By, José C. Nieves Pérez

To block all internet traffic except Microsoft Services on a Fortigate Firewall, you can create a firewall policy that allows traffic only to Microsoft Services and block all other traffic. Here are the steps to achieve this:

1. Create an address object for Microsoft Services IP addresses that you want to allow. You can find the list of Microsoft Services IP addresses from the following URL: https://docs.microsoft.com/en-us/microsoft-365/enterprise/urls-and-ip-address-ranges?view=o365-worldwide
2. Create a firewall policy that allows traffic only to the Microsoft Services IP addresses.

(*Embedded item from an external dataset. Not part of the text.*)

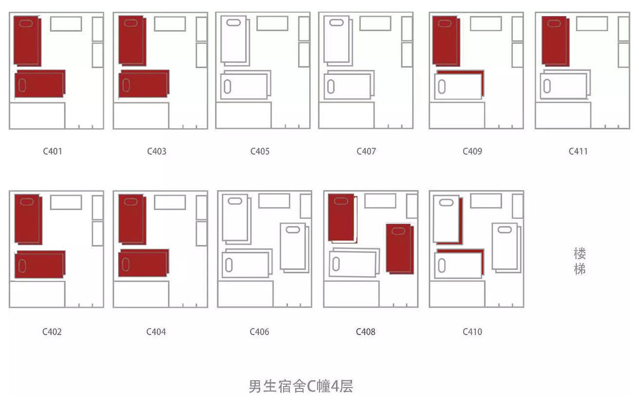 3、您可以提前楼层(女生A楼四层楼,女生B楼三层楼带阳台,男生C楼五层楼)、选择几人间、上铺或下铺、南北朝向等。

To create a firewall policy, go to Policy & Objects > IPv4 Policy and click on Create New.
3. In the General Settings tab, give a name to the policy, select the Incoming or Outgoing Interface, and select the IPv4 address object for Microsoft Services in the Source field.
4. In the Destination field, select the Any option to allow traffic to all destinations.
5. In the Service field, select the TCP and UDP protocols and add the ports required by the Microsoft Services you want to allow. You can find the list of required ports for Microsoft Services from the following URL: https://docs.microsoft.com/en-us/microsoft-365/enterprise/office-365-ip-web-service?view=o365-worldwide
6. In the Action field, select Accept to allow traffic to the Microsoft Services and in the Log field, select All Sessions to log all the traffic.
7. Create a second firewall policy that blocks all traffic not going to the Microsoft Services. To create this policy, go to Policy & Objects > IPv4 Policy and click on Create New.
8. In the General Settings tab, give a name to the policy, select the Incoming or Outgoing Interface, and select the Any option in the Source field.
9. In the Destination field, select the Address Object for Microsoft Services that you created in step 1.
10. In the Service field, select the TCP and UDP protocols and add the ports required by the Microsoft Services you want to allow.
11. In the Action field, select Deny to block all traffic not going to the Microsoft Services and in the Log field, select All Sessions to log all the traffic.
12. Arrange the firewall policies so that the policy that allows traffic to the Microsoft Services is above the policy that blocks all other traffic.